Soybean meal is 18% protein, cornmeal is 9% protein. How many pounds of each should be mixed together in order to get 360-lb mixture that is 11% protein?
How many pounds of cornmeal should be in the mixture?
How many pounds of the soybean meal should be in the mixture?
let the amount of soybean be x lb
let the amount of cornmeal be 360-x lbs
so .18x + .09(360-x) = .11(360)
I would multiply the equation by 100, then its easy
To solve this problem, we can use the method of mixture problems. Let's break down the information given, and then use a system of equations to find the solution.
Let's assume x represents the number of pounds of soybean meal and y represents the number of pounds of cornmeal in the mixture.
We know that the final mixture will weigh 360 pounds, so the first equation is:
x + y = 360
According to the given information, soybean meal is 18% protein and cornmeal is 9% protein. The final mixture should be 11% protein. We can express this information using the second equation:
(0.18x + 0.09y)/(x + y) = 0.11
To solve this system of equations, we can use substitution or elimination. Let's use substitution to solve for one variable in terms of the other.

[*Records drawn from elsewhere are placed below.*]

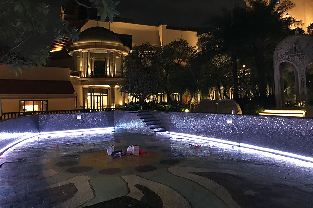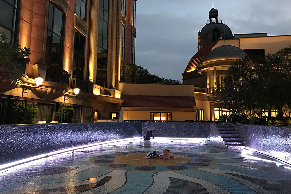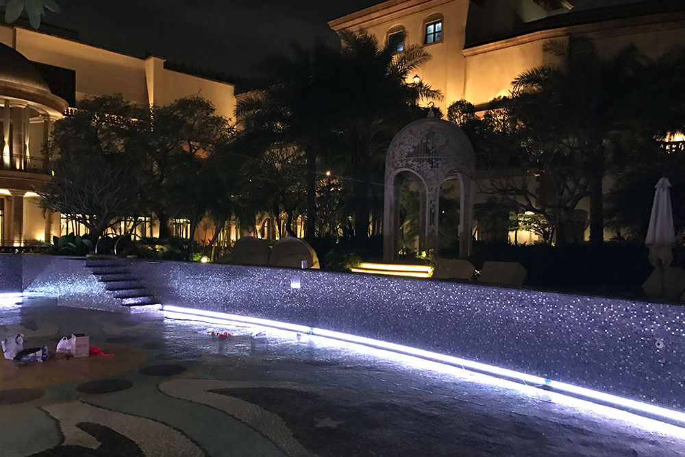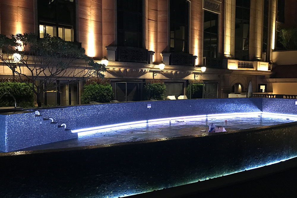 由於本飯店(diàn)遊泳池中LED燈故障率極高(gāo),更換燈具需要(yào)泳池水(shuǐ)放(fàng)盡,維修成本極高(¶gāo),印度駐台工(gōng)程總監特別找了(le)我們ESSENCE中菁科(kē)技(jì)接洽,商談中對於我們的(de)專業知(zhī)β識以及施工(gōng)工(gōng)法,都(dōu)給予極高(gāo)的(de)評價及認可(kě),讓我們順利參與此案施作(zuò)。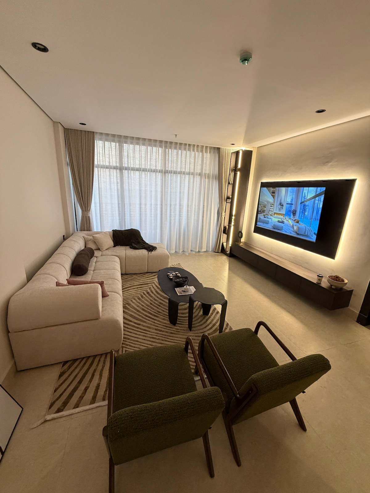 � شقة فاخرة بإطلالة مفتوحة + صالة سينما خاصة 🎬 استمتع بإقامة راقية في شقة عصرية بتصميم هادئ وأنيق، تجمع بين الفخامة والراحة، مع إطلالة مفتوحة وبلكونة مميزة وجلسة خارجية مثالية لأوقات الغروب 🌅 الشقة مثالية للعوائل، الأزواج، أو قروبات الأصدقاء الباحثين عن تجربة مختلفة ومريحة ✨ مميزات إضافية شاشة 70 بوصة اشتراكات ترفيه (Netflix – YouTube وغيرها) دخول ذاتي واي فاي عالي السرعة مطبخ متكامل بالأجهزة طاولة طعام أنيقة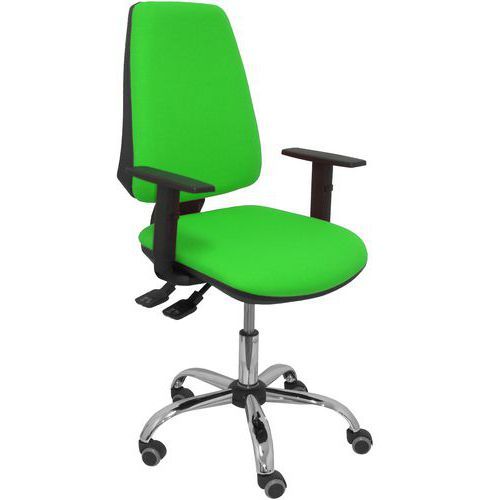 Chaise de bureau Elche S 24 horas 5 roues Piqueras y crespo Accoudoir réglage : En hauteur Assise coloris : Vert fluo Assise hauteur maxi : 52 cm Assise hauteur mini : 42 cm Assise largeur : 46 cm Assise matériau : Tissu Assise profondeur : 47 cm Assise réglable : oui Avec accoudoir : oui Charge maxi : 120 kg Coloris : Vert fluo Densité mousse assise : 30 kg/m³ Densité mousse dossier : 20 kg/m³ Dossier coloris : Vert fluo Dossier largeur : 44 cm Dossier matériau : Tissu Empilable : non Ergonomique : oui Impact Environnemental : C Matériau : Polyamide Mécanisme : Asynchrone Norme EN : EN 1335 Piétement coloris : Noir Poids du produit : 12000 g Poids maxi supporté : 120 kg Réglage hauteur d'assise : oui Roulette Ø : 50 mm Structure matériau : Chrome Technique asynchrone : oui Têtière : non Chaise de bureau Elche S conçue pour une utilisation intensive 24 heures. Hauteur réglable grâce à un cylindre à gaz. Mécanisme asynchrone pour un réglage séparé du dossier et du siège. Rembourrage en mousse viscoélastique pour un confort optimal. Siège et dossier disponibles dans le tissu et la couleur de votre choix. Chaise de bureau Elche S 24 horas 5 roues, Avec accoudoir: oui, Assise matériau: Tissu, Têtière: non, Mécanisme: Asynchrone, Assise coloris: Vert fluo, Piétement coloris: Noir, Dossier coloris: Vert fluo, Coloris: Vert fluo, Matériau: Polyamide, Assise largeur: 46 cm, Accoudoir réglage: En hauteur, Assise profondeur: 47 cm, Assise hauteur mini: 42 cm, Assise hauteur maxi: 52 cm, Densité mousse assise: 30 kg/m³, Densité mousse dossier: 20 kg/m³, Roulette Ø: 50 mm, Charge maxi: 120 kg, Dossier matériau: Tissu, Poids du produit: 12000 g, Empilable: non, Structure matériau: Chrome, Dossier largeur: 44 cm, Poids maxi supporté: 120 kg, Ergonomique: oui, Technique asynchrone: oui, Assise réglable: oui, Réglage hauteur d'assise: oui

From the first equation, we have y = 360 - x. Substituting this expression into the second equation, we get:
(0.18x + 0.09(360 - x))/360 = 0.11
Simplifying this equation gives us:
0.18x + 32.4 - 0.09x = 0.11 * 360
Combining like terms:
0.09x + 32.4 = 39.6
Subtracting 32.4 from both sides gives us:
0.09x = 7.2
Dividing both sides by 0.09 solves for x:
x = 7.2 / 0.09
x = 80
Now that we have the value of x, we can find y:
y = 360 - x
y = 360 - 80
y = 280
Therefore, 80 pounds of soybean meal and 280 pounds of cornmeal should be mixed together to get a 360-pound mixture that is 11% protein.
To answer the specific questions:
1. The mixture should contain 280 pounds of cornmeal.
2. The mixture should contain 80 pounds of soybean meal.